ACTION ITEM >> Repeat the listing that follows exactly. Pictures are not part of the copy.

INFORMATION SHOWN >>
────────────────────────────────────────
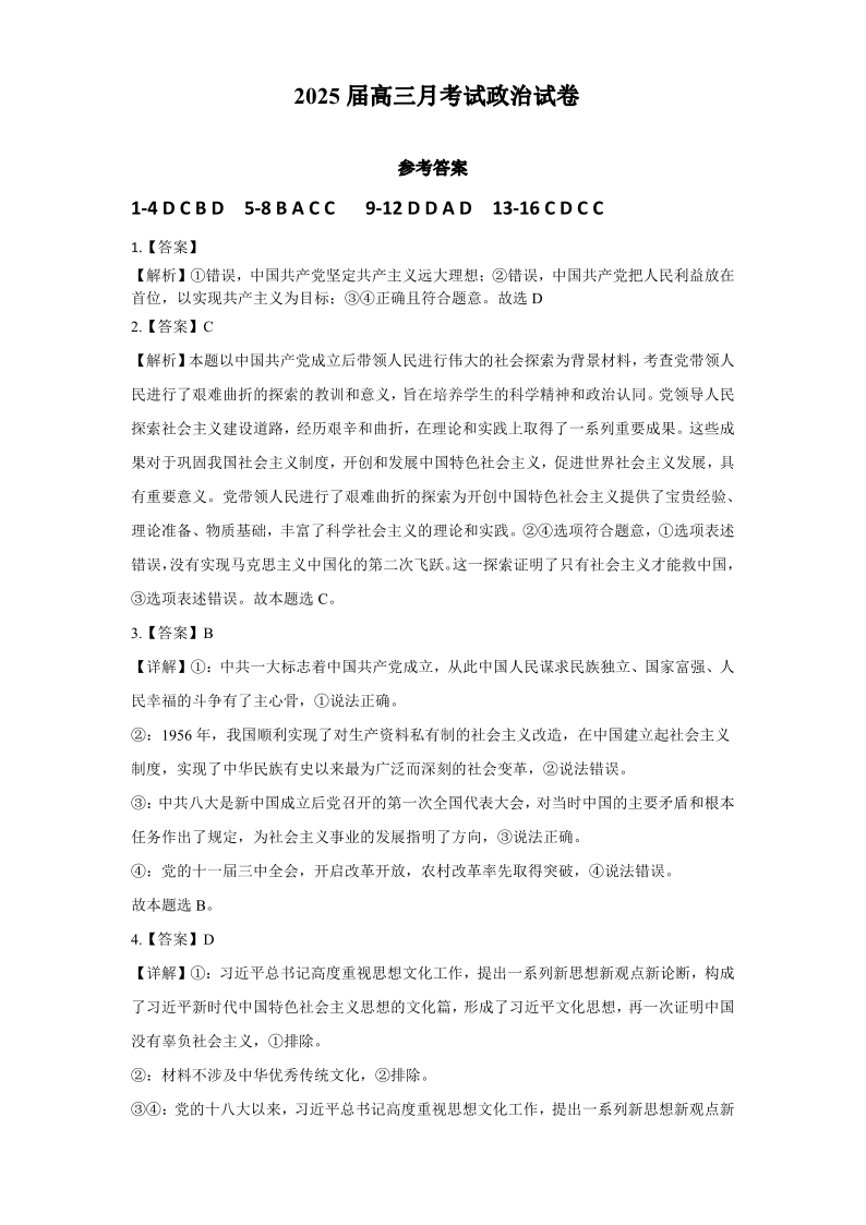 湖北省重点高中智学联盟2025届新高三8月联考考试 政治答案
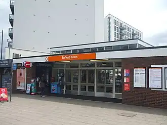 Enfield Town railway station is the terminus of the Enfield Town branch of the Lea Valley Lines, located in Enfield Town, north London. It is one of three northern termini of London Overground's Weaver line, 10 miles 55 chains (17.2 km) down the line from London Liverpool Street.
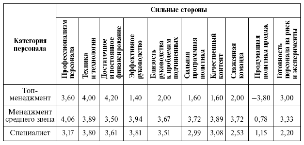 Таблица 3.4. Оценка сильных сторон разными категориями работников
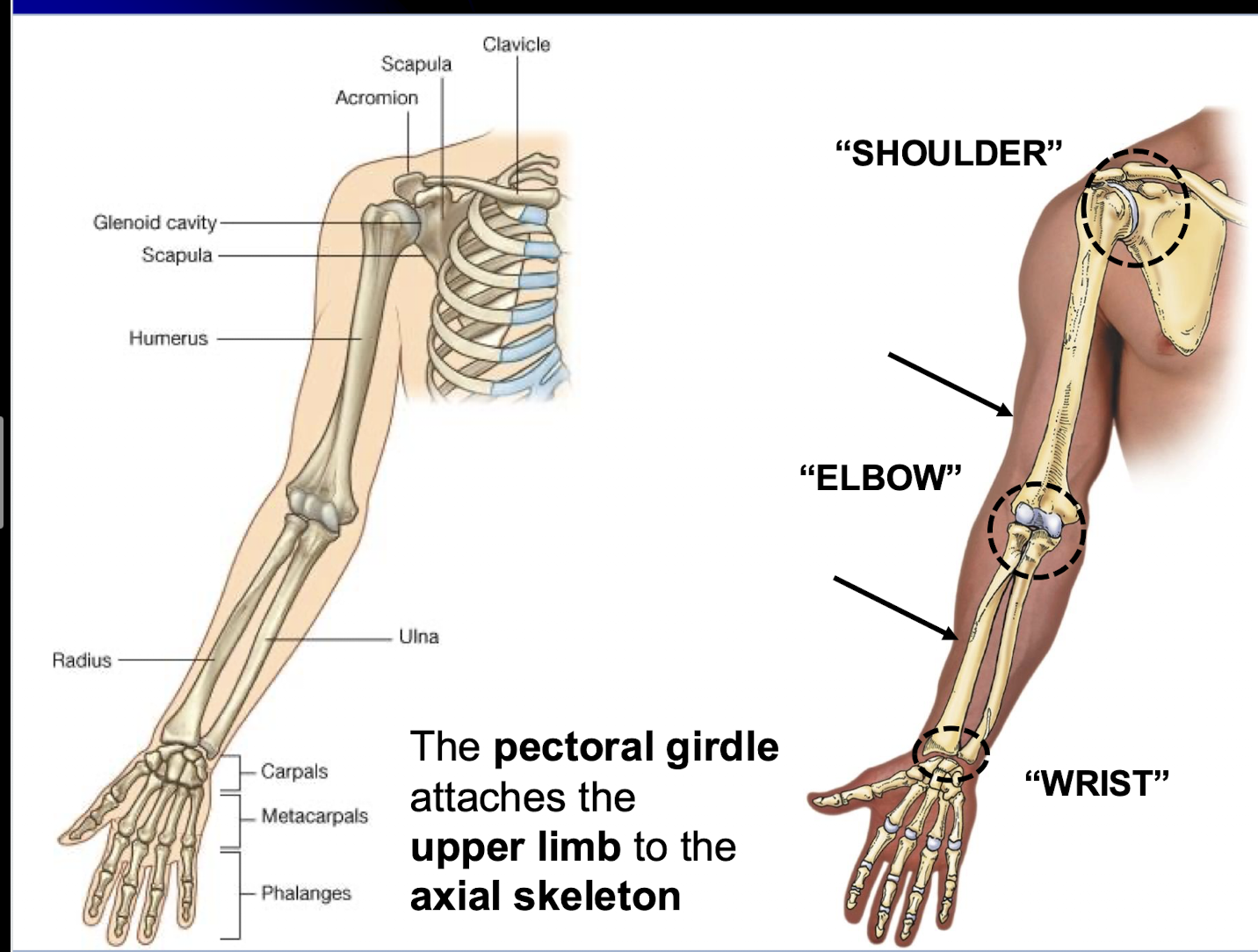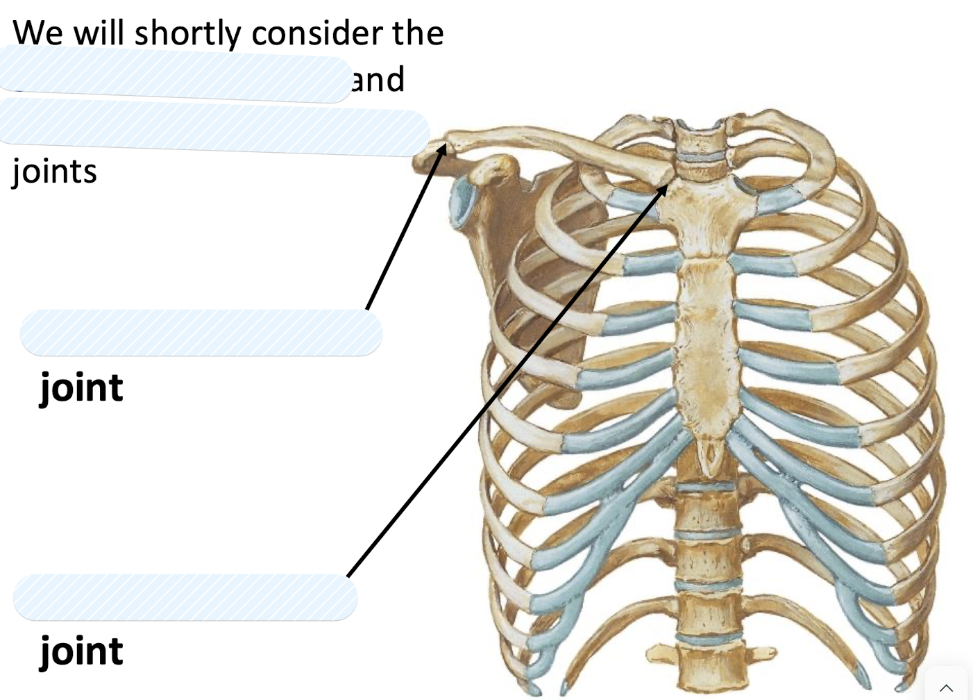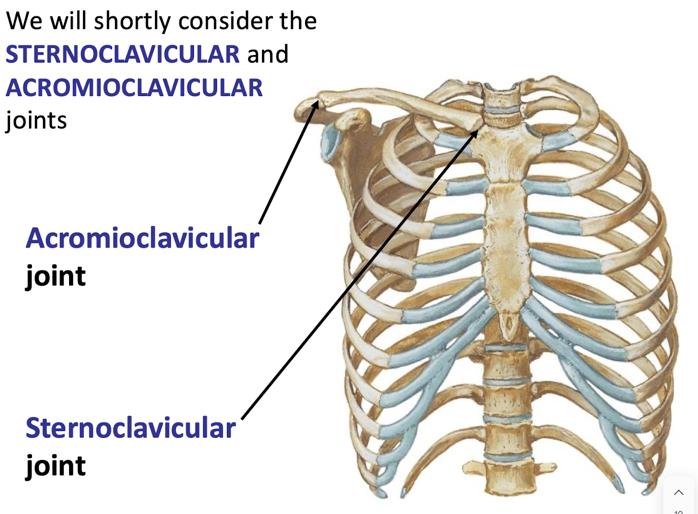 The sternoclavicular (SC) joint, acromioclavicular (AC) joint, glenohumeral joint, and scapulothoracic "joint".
────────────────────────────────────────
RESPONSE TO THE EXERCISE >>
 湖北省重点高中智学联盟2025届新高三8月联考考试 政治答案
 Enfield Town railway station is the terminus of the Enfield Town branch of the Lea Valley Lines, located in Enfield Town, north London. It is one of three northern termini of London Overground's Weaver line, 10 miles 55 chains (17.2 km) down the line from London Liverpool Street.
 Таблица 3.4. Оценка сильных сторон разными категориями работников
 The sternoclavicular (SC) joint, acromioclavicular (AC) joint, glenohumeral joint, and scapulothoracic "joint".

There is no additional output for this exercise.